EXCERPTED RECORDS:
***

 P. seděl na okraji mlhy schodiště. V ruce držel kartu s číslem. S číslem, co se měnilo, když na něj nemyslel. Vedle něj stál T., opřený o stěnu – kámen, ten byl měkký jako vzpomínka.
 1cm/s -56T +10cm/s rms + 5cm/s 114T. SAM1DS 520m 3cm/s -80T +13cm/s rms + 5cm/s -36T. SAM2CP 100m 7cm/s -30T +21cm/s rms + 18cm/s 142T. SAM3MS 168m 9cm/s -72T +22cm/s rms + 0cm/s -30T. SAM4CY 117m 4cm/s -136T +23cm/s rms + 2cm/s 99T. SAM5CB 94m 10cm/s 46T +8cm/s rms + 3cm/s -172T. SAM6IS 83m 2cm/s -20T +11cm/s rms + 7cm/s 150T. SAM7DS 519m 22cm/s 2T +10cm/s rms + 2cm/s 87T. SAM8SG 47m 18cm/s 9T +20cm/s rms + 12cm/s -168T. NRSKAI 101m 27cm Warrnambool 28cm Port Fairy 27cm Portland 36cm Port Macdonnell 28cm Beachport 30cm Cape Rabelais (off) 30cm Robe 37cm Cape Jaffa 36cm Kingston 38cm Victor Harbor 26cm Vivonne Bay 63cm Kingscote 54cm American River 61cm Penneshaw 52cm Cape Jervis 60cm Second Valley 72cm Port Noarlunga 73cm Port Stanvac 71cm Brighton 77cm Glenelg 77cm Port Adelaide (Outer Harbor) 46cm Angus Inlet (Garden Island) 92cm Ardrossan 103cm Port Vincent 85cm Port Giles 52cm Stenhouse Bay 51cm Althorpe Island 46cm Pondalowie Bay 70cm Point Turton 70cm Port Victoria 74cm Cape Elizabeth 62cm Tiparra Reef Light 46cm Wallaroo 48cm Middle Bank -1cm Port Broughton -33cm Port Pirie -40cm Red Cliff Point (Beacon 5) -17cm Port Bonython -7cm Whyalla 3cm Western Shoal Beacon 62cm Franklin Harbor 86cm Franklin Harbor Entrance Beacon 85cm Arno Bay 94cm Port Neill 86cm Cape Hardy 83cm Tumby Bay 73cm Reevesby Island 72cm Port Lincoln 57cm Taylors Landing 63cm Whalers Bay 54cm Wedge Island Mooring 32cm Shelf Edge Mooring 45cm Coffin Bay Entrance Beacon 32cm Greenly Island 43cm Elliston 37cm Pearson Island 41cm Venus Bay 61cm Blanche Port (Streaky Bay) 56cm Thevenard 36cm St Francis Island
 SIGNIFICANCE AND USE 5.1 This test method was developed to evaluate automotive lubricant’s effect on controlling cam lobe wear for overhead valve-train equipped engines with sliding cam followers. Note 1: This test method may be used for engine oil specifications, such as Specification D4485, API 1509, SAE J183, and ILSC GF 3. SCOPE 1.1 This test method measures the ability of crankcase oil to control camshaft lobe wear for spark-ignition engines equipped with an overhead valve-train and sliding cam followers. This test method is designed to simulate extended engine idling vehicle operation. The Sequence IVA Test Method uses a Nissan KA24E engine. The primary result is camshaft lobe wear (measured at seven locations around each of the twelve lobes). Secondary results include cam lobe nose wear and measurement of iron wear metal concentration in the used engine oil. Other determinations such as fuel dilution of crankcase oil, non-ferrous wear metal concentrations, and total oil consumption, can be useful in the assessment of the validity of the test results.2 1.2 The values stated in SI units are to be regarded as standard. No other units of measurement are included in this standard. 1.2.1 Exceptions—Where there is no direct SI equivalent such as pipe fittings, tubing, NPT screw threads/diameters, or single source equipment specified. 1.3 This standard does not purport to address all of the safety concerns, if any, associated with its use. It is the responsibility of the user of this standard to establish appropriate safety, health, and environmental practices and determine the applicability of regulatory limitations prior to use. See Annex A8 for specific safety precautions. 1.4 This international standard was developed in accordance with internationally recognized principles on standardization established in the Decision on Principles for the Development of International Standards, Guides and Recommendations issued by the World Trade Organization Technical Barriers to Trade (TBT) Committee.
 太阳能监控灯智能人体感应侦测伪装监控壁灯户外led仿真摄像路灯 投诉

***

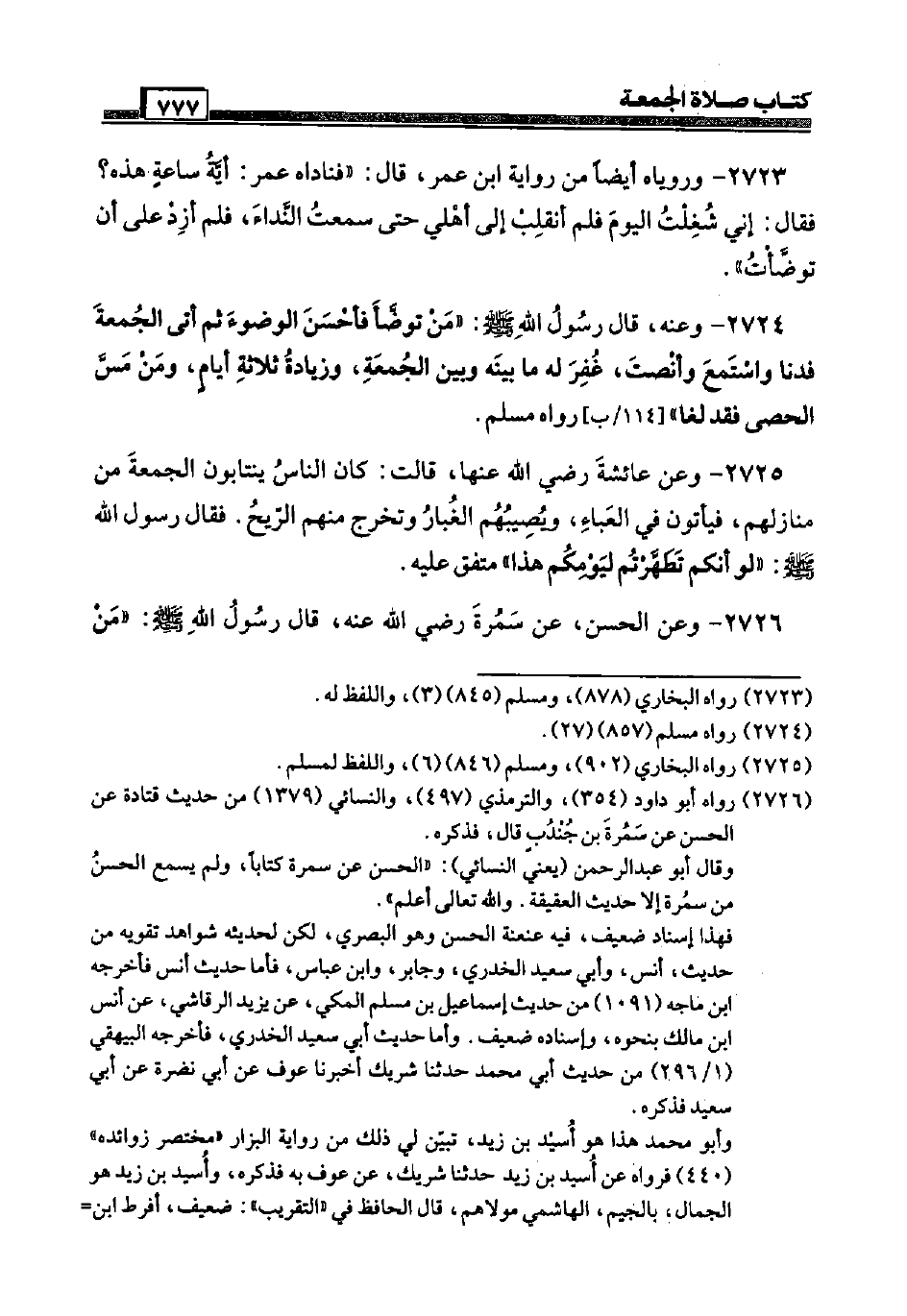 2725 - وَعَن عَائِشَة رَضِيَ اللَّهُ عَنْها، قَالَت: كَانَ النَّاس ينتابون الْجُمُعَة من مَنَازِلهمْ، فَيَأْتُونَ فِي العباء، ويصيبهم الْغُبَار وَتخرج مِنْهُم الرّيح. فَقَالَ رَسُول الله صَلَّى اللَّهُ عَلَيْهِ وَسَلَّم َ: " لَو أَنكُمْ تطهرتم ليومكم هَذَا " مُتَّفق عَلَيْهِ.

***

TASK STATEMENT: The lines above from the one containing "P. seděl na" through the one containing "1cm/s -56T +10cm/s" are to be set down exactly, and no others.

EXERCISE ANSWER:
 P. seděl na okraji mlhy schodiště. V ruce držel kartu s číslem. S číslem, co se měnilo, když na něj nemyslel. Vedle něj stál T., opřený o stěnu – kámen, ten byl měkký jako vzpomínka.
 1cm/s -56T +10cm/s rms + 5cm/s 114T. SAM1DS 520m 3cm/s -80T +13cm/s rms + 5cm/s -36T. SAM2CP 100m 7cm/s -30T +21cm/s rms + 18cm/s 142T. SAM3MS 168m 9cm/s -72T +22cm/s rms + 0cm/s -30T. SAM4CY 117m 4cm/s -136T +23cm/s rms + 2cm/s 99T. SAM5CB 94m 10cm/s 46T +8cm/s rms + 3cm/s -172T. SAM6IS 83m 2cm/s -20T +11cm/s rms + 7cm/s 150T. SAM7DS 519m 22cm/s 2T +10cm/s rms + 2cm/s 87T. SAM8SG 47m 18cm/s 9T +20cm/s rms + 12cm/s -168T. NRSKAI 101m 27cm Warrnambool 28cm Port Fairy 27cm Portland 36cm Port Macdonnell 28cm Beachport 30cm Cape Rabelais (off) 30cm Robe 37cm Cape Jaffa 36cm Kingston 38cm Victor Harbor 26cm Vivonne Bay 63cm Kingscote 54cm American River 61cm Penneshaw 52cm Cape Jervis 60cm Second Valley 72cm Port Noarlunga 73cm Port Stanvac 71cm Brighton 77cm Glenelg 77cm Port Adelaide (Outer Harbor) 46cm Angus Inlet (Garden Island) 92cm Ardrossan 103cm Port Vincent 85cm Port Giles 52cm Stenhouse Bay 51cm Althorpe Island 46cm Pondalowie Bay 70cm Point Turton 70cm Port Victoria 74cm Cape Elizabeth 62cm Tiparra Reef Light 46cm Wallaroo 48cm Middle Bank -1cm Port Broughton -33cm Port Pirie -40cm Red Cliff Point (Beacon 5) -17cm Port Bonython -7cm Whyalla 3cm Western Shoal Beacon 62cm Franklin Harbor 86cm Franklin Harbor Entrance Beacon 85cm Arno Bay 94cm Port Neill 86cm Cape Hardy 83cm Tumby Bay 73cm Reevesby Island 72cm Port Lincoln 57cm Taylors Landing 63cm Whalers Bay 54cm Wedge Island Mooring 32cm Shelf Edge Mooring 45cm Coffin Bay Entrance Beacon 32cm Greenly Island 43cm Elliston 37cm Pearson Island 41cm Venus Bay 61cm Blanche Port (Streaky Bay) 56cm Thevenard 36cm St Francis Island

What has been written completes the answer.